Andhra HC (Pre-Telangana)
New India Assurance Company Ltd., ... vs Palla Peda Polamma And Others on 10 February, 2000
Equivalent citations: II(2000)ACC183, 2000(2)ALD650, 2000(3)ALT332, 2000 A I H C 2372, (2000) 2 TAC 403, (2000) 2 ANDHLD 650, (2000) 3 ANDH LT 332, (2000) 2 ACC 183, (2000) 2 ANDHWR 19
JUDGMENT
1. The New India Assurance Company Limited, Visakhapatnam filed this civil miscellaneous appeal against the order of the District Judge and Motor Accidents Claims Tribunal, Visakhapatnam dated 5-7-1989 in MOPNo.131 of 1986.
2. The appellant is the 3rd, respondent in the said OP. Respondents 1 to 5 are the claimants in the OP. The 6th respondent herein is the driver and the 7th respondent is the owner of the offending vehicle. The 6th respondent is given up and as far as the 7th respondent is concerned, proof of paper publication has been filed, which is sufficient proof of service of notice, but, no one appeared on behalf of the 7th respondent.
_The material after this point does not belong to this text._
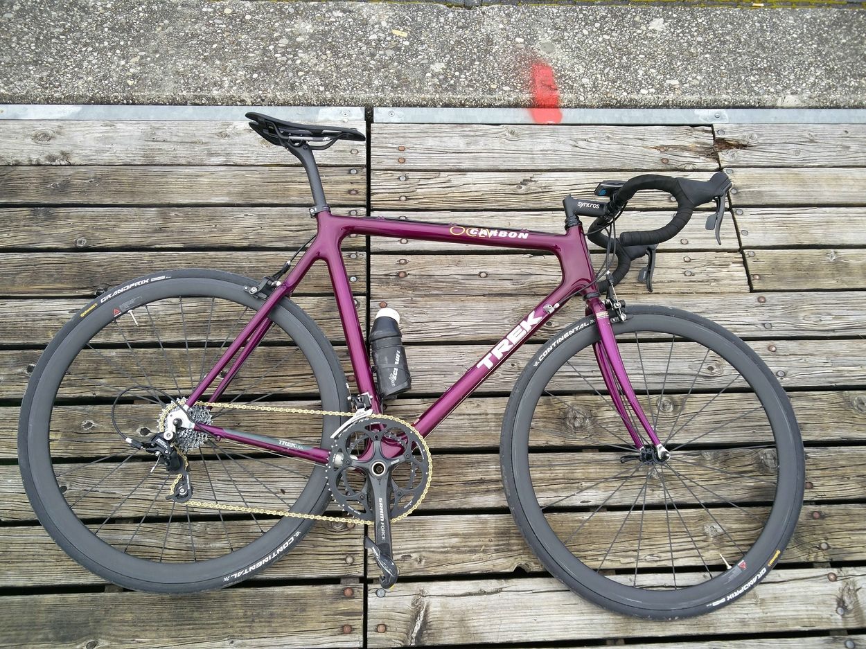 [meines Wissens baute Aegis Bicycles für TREK das 2500 das noch ganz in der Tradition der geklebten Rahmen mit Alumuffen. Bei den TREKs kenn ich mich so aus da bin mir nicht sicher welcher Rahmentyp damals die verlamentierten Carbonmuffen hoffähig machte, aber der 5000 sieht für mich nach einem typischen Aegis Design aus.

3. Sri Kota Subba Rao, the learned Counsel for the appellant-Insurance Company contended that the appellant is not disputing the occurrence of the accident that took place due to the rash and negligent driving of the lorry bearing No.AAV 636 belonging to the 7th respondent and it is also not disputing the total quantum of compensation arrived at Rs.80,600/- awarded by the Tribunal, but only contended that the limits of the liability to public risk is only limited to Rs.50,000/- under Section 95(2)(b) of the Old Motor Vehicles Act and there is no separate agreement entered into by the owner of the vehicle with the Insurance Company covering the public risk over and above the liability as contemplated under the said section and the insurance premium paid is only Rs.240/- covering the risk against the Insurance Company to an extent of Rs.50,000/- alone, and therefore, the Insurance Company is liable to pay Rs.50,000/-, but not over and above Rs.50,000/- and the remaining amount shall be paid by the owner of the vehicle alone.
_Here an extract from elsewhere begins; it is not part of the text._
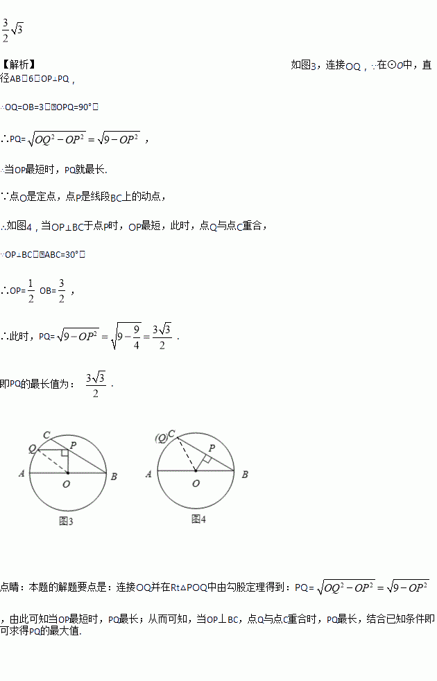 如图,在⊙O中,直径AB=6,BC是弦,∠ABC=30°,点P在BC上,点Q在⊙O上,且OP⊥PQ,当点P在BC上移动时,则PQ长的最大值为__________.

4. It is further submitted that the order of the Tribunal relying upon the judgment of the Madras High Court in M/s. Oriental Fire and General Insurance Company v. V. Ganapathi Ramalingam, , wherein it was held that the limitation prescribed under Section 95(2) of the Act will not apply to the vehicles which have been comprehensively insured to cover all risks, is no more a good law, in view of the judgment of the Supreme Court in National Insurance Company Limited., New Delhi v. Jugal Kishore, (DB). The Supreme Court held in the abovesaid case that in the case of comprehensive insurance of the vehicle without paying the higher premium on the score of third party limits, i.e., liability to the public risks, the liability of the insurer cannot be unlimited or higher than the statutory liability fixed under Section 95(2) of the Motor Vehicles Act, 1939, and that to cover up a higher risk, a specific agreement has to be arrived at between the owner and the insurer and a separate premium has to be paid on the amount of liability undertaken by the Insurance Company in this behalf for the payment of compensation in respect of the excess statutory liability.
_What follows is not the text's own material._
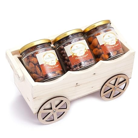 Ghasitaram Gifts Diwali Gifts Natural Wooden Cart with Chocolate Coated Butterscotch, Crunchy Coated Cashews and Peri Peri Almonds Jars

5. In the instance case also, as is evident from the policy of insurance, the appellant-Insurance Company did not undertake in the policy any liability in excess of the statutory liability. Therefore, the award against the appellant could be only in accordance with the statutory liability under Section 95(2)(b)(i) of the Act, i.e., to the extent of Rs.50,000/-.
6. For the aforesaid reasons, I agree with the contentions of the learned Counsel for the appellant and the appeal is accordingly allowed limiting the liability of the appellant to pay the compensation amount of Rs.50,000/- alone from out of the total compensation amount of Rs.80,600/-, and it is needless to say that the claimants are entitled to recover the remaining amount of Rs.30,600/- from the owner of the vehicle, i.e., the 7th respondent. No costs.